Frustrado, me devolví rápidamente al apartamento, a esperar a Sandra. Cuando llegó, se miraba desencajada. «El remordimiento», dije para mí mismo. Nomás alcanzó a proferir unas palabras: «¿Ya supiste lo qué pasó?», preguntó. «¡Claro que supe lo que pasó, perra traidora!», le contesté enervado; y antes de que dijera nada más le presioné el cuello con ambas manos por un largo rato, hasta cerciorarme que ya no respiraba. Esperé a que se hiciera noche y al oscurecer fui a echar el fiambre en uno de los contenedores de basura que había en el callejón, atrás del edificio de apartamentos. Regresé a mi piso, me fumé un carrujo de mariguana y me eché a dormir no sé por cuántos días.  

Cuando desperté, en lo primero que pensé fue en acabar el trabajo que había empezado. Así que, armado con mi 38, dejé el apartamento rumbo al destino concluyente de mi misión. Llegué al edificio Dakota y después de una leve conversación en español con el portero, que dijo llamarse José, le pregunté por John Lennon.

—¿Para qué lo que quieres? —me preguntó con su acento cubano.    

—Para matarlo —le contesté. Y abrí mi sacó para que viera el arma.

—Pues ya se te adelantaron —me dijo en tono burlón—. Hace tres días que lo mató un loco; ahí donde tú estás parado —y soltó la carcajada—. A todo esto: ¿por qué tú traes pistola chico? ¿Acaso eres policía? —me preguntó José ya en tono serio—. Aquí sólo los policías cargan fierro. ¿Eres policía? —preguntaba insistente.

Cuando le dije que no, quiso saber a que me dedicaba y le dije que era actor, lo cual equivalía a muchos oficios a la vez; como guardia de seguridad, por ejemplo. Entonces caminó a la caseta y marcó un número en el teléfono. A los pocos minutos llegó la policía a levantarme. Y es todo lo que recuerdo. De eso hace cuarenta años, y ya no he dejado de tomar la medicina.

Acúsome Padre de ser un asesino. He matado con mis propias manos. Yo creo que no tengo perdón de Dios, pero con su absolución me basta. Ningún otro clérigo ha querido absolverme. ¿Cómo? ¿Qué quiere decir con eso de que yo no he matado a nadie? ¿Entonces que estoy haciendo aquí en Attica…? Eso significa que al no saber porque estoy aquí, nunca alcanzaré la absolución.

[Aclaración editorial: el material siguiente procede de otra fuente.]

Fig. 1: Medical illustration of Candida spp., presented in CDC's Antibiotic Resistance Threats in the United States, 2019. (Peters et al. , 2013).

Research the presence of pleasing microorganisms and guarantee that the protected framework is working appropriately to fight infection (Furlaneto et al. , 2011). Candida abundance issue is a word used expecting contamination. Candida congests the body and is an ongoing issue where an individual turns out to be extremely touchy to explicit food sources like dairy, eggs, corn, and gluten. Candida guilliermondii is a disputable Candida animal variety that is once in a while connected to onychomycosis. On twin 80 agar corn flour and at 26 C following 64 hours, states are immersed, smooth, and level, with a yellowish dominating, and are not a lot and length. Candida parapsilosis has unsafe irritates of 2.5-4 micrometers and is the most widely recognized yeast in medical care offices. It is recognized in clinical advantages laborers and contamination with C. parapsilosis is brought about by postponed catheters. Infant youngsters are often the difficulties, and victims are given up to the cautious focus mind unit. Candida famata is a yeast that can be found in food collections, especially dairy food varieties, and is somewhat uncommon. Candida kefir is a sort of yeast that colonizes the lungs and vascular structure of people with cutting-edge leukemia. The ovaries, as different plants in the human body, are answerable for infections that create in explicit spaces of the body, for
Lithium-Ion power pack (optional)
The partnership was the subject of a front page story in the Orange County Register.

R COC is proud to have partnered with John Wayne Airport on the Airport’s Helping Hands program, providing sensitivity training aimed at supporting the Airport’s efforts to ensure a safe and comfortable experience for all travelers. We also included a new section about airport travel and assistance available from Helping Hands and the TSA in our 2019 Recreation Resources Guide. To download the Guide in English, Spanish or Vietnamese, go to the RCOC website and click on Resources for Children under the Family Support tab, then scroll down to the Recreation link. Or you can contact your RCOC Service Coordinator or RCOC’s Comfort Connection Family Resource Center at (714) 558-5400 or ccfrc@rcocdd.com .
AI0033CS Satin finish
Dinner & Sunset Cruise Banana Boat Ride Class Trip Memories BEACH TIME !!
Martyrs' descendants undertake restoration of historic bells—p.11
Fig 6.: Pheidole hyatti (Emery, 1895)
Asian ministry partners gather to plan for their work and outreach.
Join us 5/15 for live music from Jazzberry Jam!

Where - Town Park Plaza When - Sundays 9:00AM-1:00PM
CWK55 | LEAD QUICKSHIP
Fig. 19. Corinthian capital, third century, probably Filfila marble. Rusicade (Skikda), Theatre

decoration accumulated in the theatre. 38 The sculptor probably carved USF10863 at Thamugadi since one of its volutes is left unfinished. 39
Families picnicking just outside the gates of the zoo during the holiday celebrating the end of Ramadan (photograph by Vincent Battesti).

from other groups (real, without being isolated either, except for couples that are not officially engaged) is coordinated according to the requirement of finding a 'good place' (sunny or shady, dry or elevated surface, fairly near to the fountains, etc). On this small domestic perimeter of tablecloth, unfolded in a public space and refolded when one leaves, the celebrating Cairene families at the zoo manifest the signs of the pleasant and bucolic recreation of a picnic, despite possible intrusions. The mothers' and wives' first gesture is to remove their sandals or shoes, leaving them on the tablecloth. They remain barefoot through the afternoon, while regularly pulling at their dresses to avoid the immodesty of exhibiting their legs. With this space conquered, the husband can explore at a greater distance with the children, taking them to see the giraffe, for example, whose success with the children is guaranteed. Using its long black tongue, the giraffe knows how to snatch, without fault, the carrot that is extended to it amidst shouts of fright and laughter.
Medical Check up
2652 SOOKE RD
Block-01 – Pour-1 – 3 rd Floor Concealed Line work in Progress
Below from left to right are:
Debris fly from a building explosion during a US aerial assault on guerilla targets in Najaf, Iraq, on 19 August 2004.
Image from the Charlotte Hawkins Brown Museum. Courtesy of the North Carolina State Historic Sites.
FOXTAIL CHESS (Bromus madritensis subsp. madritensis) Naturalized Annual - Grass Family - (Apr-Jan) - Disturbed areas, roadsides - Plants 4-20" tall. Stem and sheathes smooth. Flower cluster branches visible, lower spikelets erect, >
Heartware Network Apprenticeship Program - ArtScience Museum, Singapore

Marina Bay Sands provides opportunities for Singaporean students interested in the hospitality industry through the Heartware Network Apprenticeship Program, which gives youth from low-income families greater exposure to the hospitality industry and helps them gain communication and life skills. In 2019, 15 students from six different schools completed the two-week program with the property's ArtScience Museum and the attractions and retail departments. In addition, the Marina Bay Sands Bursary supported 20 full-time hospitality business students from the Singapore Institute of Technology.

A crowd of people turned away
But I just had to look, having read the book

John Lennon/Paul McCartney


Rodolfo Elías, escritor en ciernes nacido en Ciudad Juárez y criado en ambos lados de la frontera, colaboraba con la revista bilingüe digital, hoy extinta, El Diablito, del área de Seattle. Sus textos han sido publicados en la revista SLAM (una de las revistas literarias universitarias más prominentes de Estados Unidos), La Linterna Mágica Ombligo. En la actualidad trabaja en dos novelas, una en inglés y otra en español.